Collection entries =
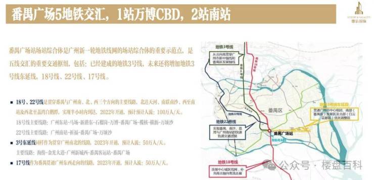 地铁——广州地铁3号线、17号线、18号线、22号线的番禺广场站附近,其中17/18/22线时速达160公里,为目前国内在建地铁时速最快,可实现1站万博,2站南站,5站天河,快速抵达珠江新城、广州东站、琶洲、万博、白鹅潭等中心商务区;
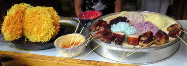 17、貴陽的風味小吃,著實令人垂涎。小吃街青云路、二七路、陜西路是較大的夜市。貴陽街頭巷尾的小吃攤點星羅棋布。貴陽最有名的風味小吃有腸旺面、戀愛豆腐果、雷家豆腐圓子、“絲娃娃”、花溪牛肉粉、畢節湯圓、花江狗肉、貴陽小吃值的品嘗,我們的口味以辣椒菜為主,首次到貴陽旅游的游客要根據自己的身體情況選擇一些適合自己腸胃的小吃,以免拉肚子和急性腸炎的發生。
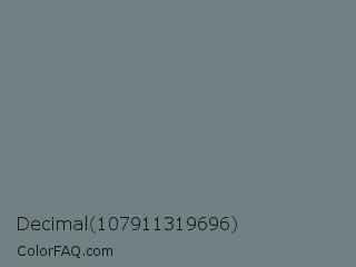 Decimal 107911319696 Color is a normal cyan color and the nearest color is Sirocco #718080. Hex code #718082 and RGB value is rgb(113,128,130). In RGB color space, this color is composed of 44% red, 50% green, 51% blue, In CMYK color space, this color is composed of 13% cyan, 2% magenta, 0% yellow , 49% black , In HSL color space, this color has a hue angle of 187° , 7% saturation and 48% lightness.
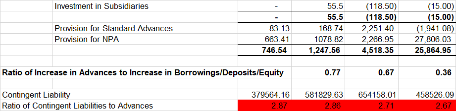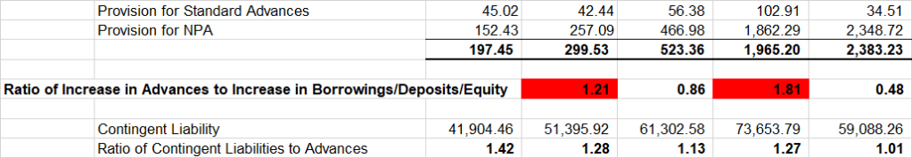 Similarly in case of contingent liability the ratio is always problematic as the aggressive loans disbursement policy forced bank to enter into high risk ventures.
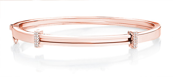 Bracciale rigido con due barre pavettate con cubic zirconia e binario centrale per l'inserimento di charms o lettere dell'alfabeto
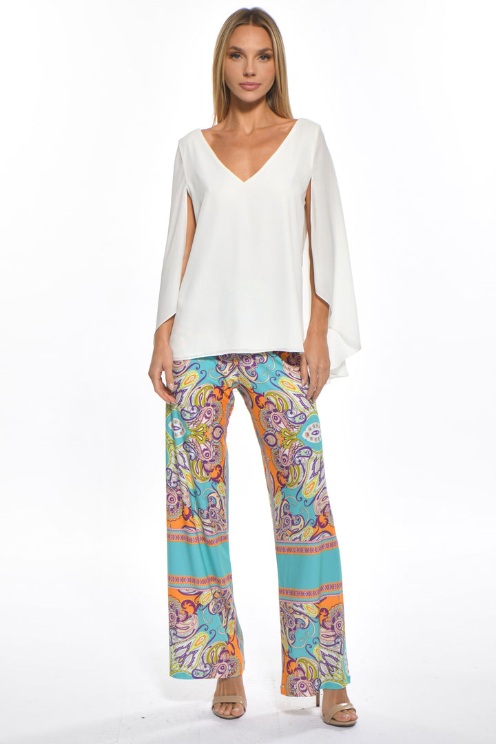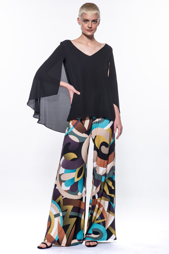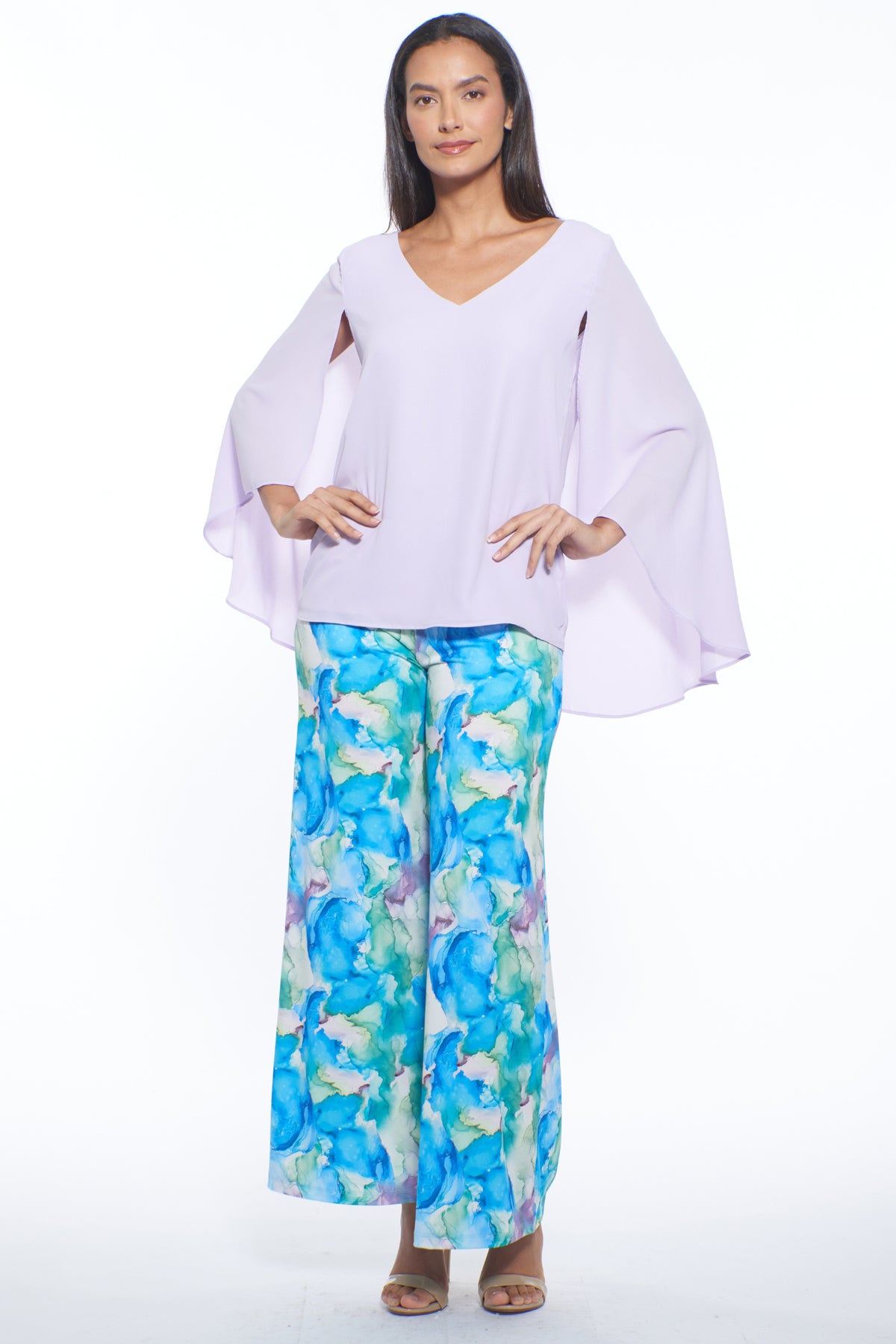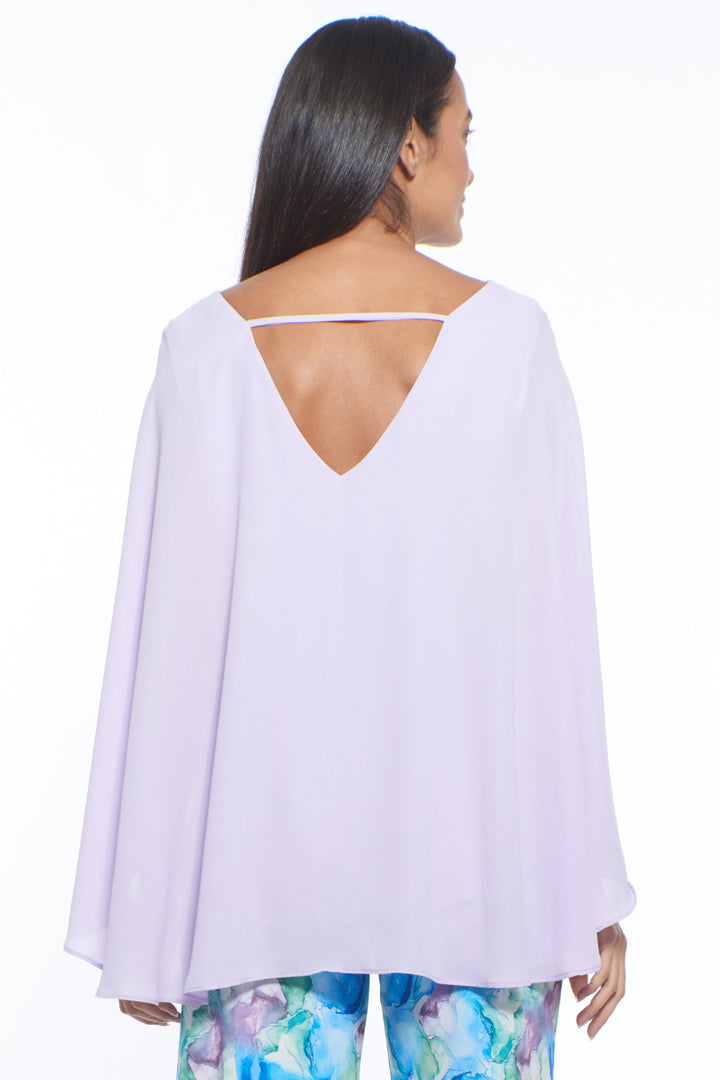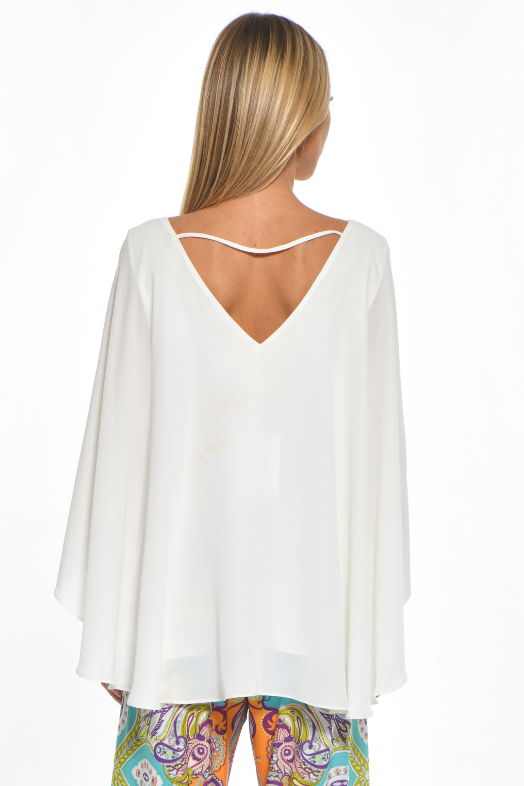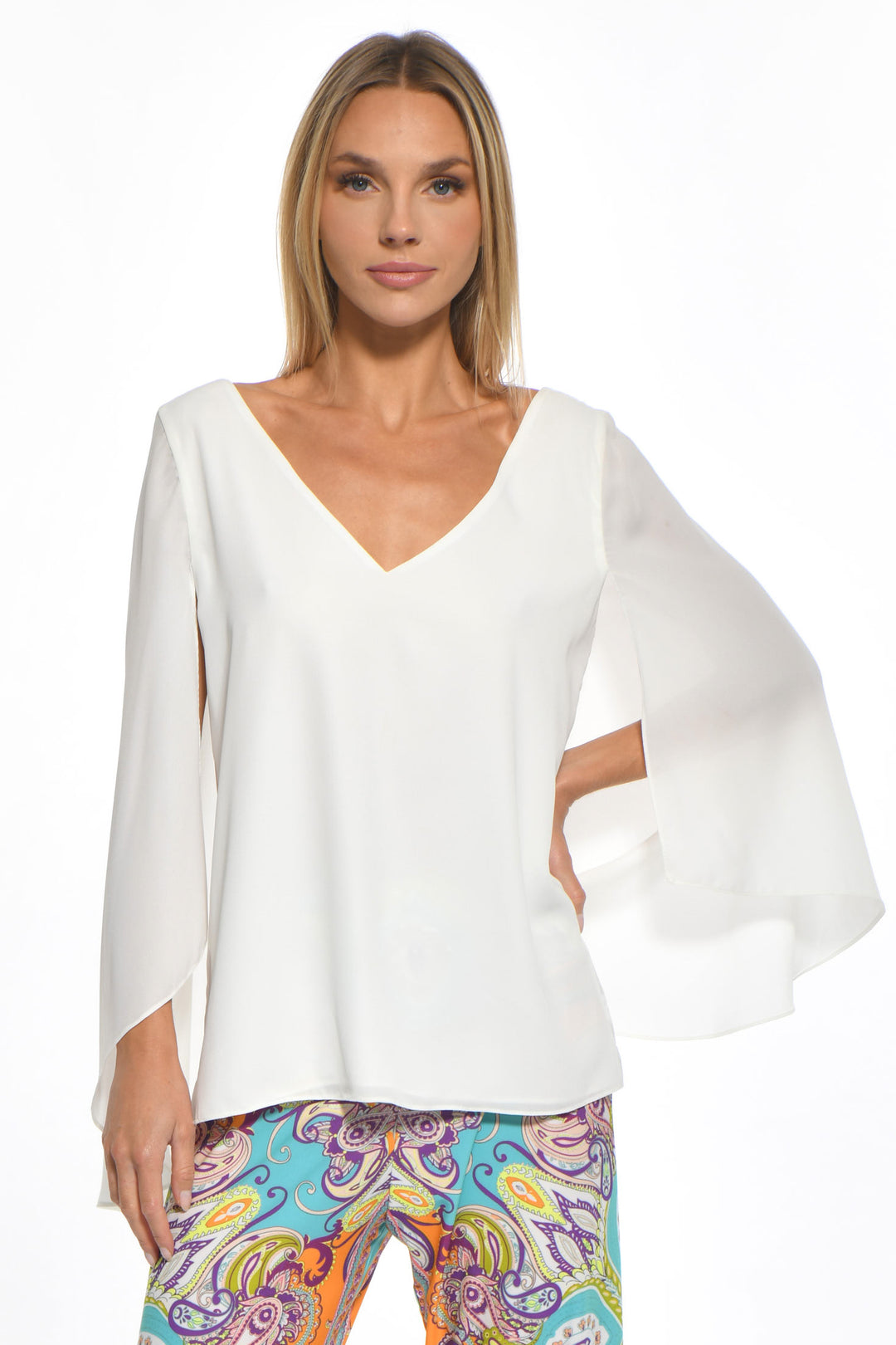 A refined statement in flow and femininity. Crafted from fluid stretch crepe, this silhouette features a relaxed V-neckline and open cape sleeves that cascade with elegant ease. The back hem offers subtle drama with a gentle high-low cut, making this top effortlessly flattering from every angle. Offered in soft neutrals and romantic pastels, it’s a wardrobe essential that transitions beautifully from boardroom to brunch.
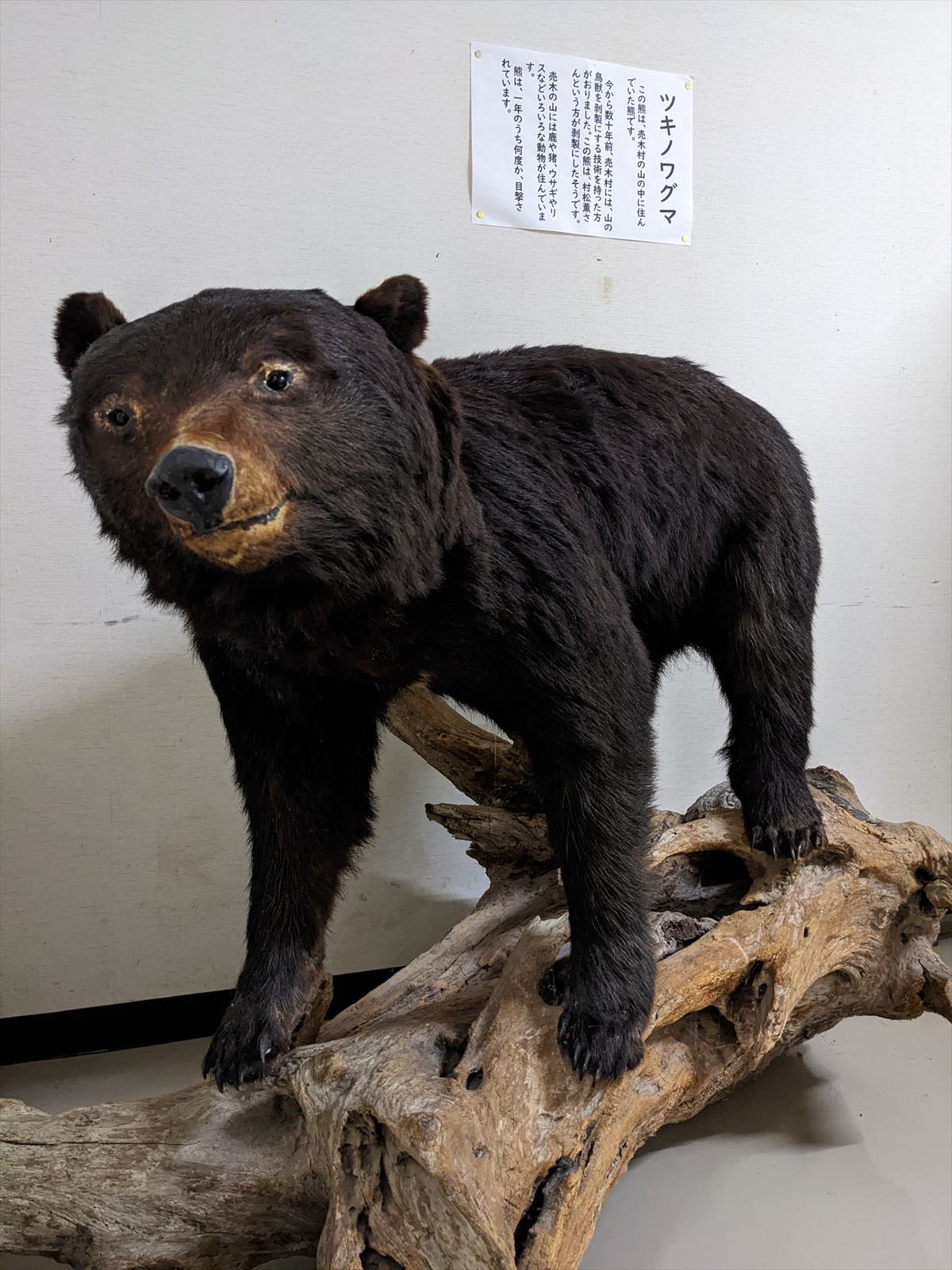 廊下にあったツキノワグマのはく製.この辺では年に数回目撃情報があるそうです.
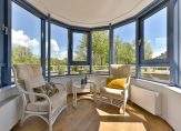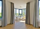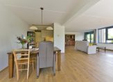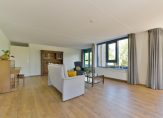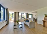 Prachtig ruime woonkamer met mooi uitzicht en sfeervolle erker van waaruit u mooi overzicht heeft op de buitenruimtes en het naastgelegen park en plas.
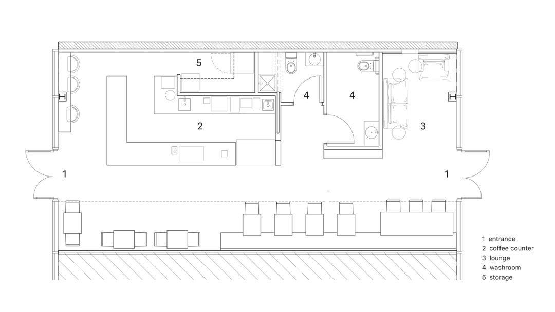 Two distinct zones, one for the serving facilities, the other envisioned to showcase cafe artwork, played a crucial role in defining and enhancing the equally important contributions of community-based artists alongside the cafes’ educational artwork. Seating was strategically arranged along the lengthy art wall section to encourage and deepen visitor engagement with the pieces displayed. Meanwhile, the cafe counter and its supporting spaces were deliberately positioned opposite this art wall/seating area, featuring a carefully curated assortment of educational coffee-related artwork that complements the overall experience. The main central corridor of reflective concrete runs between these two spaces, linking both entrances and facilitated smooth circulation through the space while helping to draw natural light deeper in.

Work request =
Could you print all of the entries exactly, skipping the images?

Response to the task =
 地铁——广州地铁3号线、17号线、18号线、22号线的番禺广场站附近,其中17/18/22线时速达160公里,为目前国内在建地铁时速最快,可实现1站万博,2站南站,5站天河,快速抵达珠江新城、广州东站、琶洲、万博、白鹅潭等中心商务区;
 17、貴陽的風味小吃,著實令人垂涎。小吃街青云路、二七路、陜西路是較大的夜市。貴陽街頭巷尾的小吃攤點星羅棋布。貴陽最有名的風味小吃有腸旺面、戀愛豆腐果、雷家豆腐圓子、“絲娃娃”、花溪牛肉粉、畢節湯圓、花江狗肉、貴陽小吃值的品嘗,我們的口味以辣椒菜為主,首次到貴陽旅游的游客要根據自己的身體情況選擇一些適合自己腸胃的小吃,以免拉肚子和急性腸炎的發生。
 Decimal 107911319696 Color is a normal cyan color and the nearest color is Sirocco #718080. Hex code #718082 and RGB value is rgb(113,128,130). In RGB color space, this color is composed of 44% red, 50% green, 51% blue, In CMYK color space, this color is composed of 13% cyan, 2% magenta, 0% yellow , 49% black , In HSL color space, this color has a hue angle of 187° , 7% saturation and 48% lightness.
 Similarly in case of contingent liability the ratio is always problematic as the aggressive loans disbursement policy forced bank to enter into high risk ventures.
 Bracciale rigido con due barre pavettate con cubic zirconia e binario centrale per l'inserimento di charms o lettere dell'alfabeto
 A refined statement in flow and femininity. Crafted from fluid stretch crepe, this silhouette features a relaxed V-neckline and open cape sleeves that cascade with elegant ease. The back hem offers subtle drama with a gentle high-low cut, making this top effortlessly flattering from every angle. Offered in soft neutrals and romantic pastels, it’s a wardrobe essential that transitions beautifully from boardroom to brunch.
 廊下にあったツキノワグマのはく製.この辺では年に数回目撃情報があるそうです.
 Prachtig ruime woonkamer met mooi uitzicht en sfeervolle erker van waaruit u mooi overzicht heeft op de buitenruimtes en het naastgelegen park en plas.
 Two distinct zones, one for the serving facilities, the other envisioned to showcase cafe artwork, played a crucial role in defining and enhancing the equally important contributions of community-based artists alongside the cafes’ educational artwork. Seating was strategically arranged along the lengthy art wall section to encourage and deepen visitor engagement with the pieces displayed. Meanwhile, the cafe counter and its supporting spaces were deliberately positioned opposite this art wall/seating area, featuring a carefully curated assortment of educational coffee-related artwork that complements the overall experience. The main central corridor of reflective concrete runs between these two spaces, linking both entrances and facilitated smooth circulation through the space while helping to draw natural light deeper in.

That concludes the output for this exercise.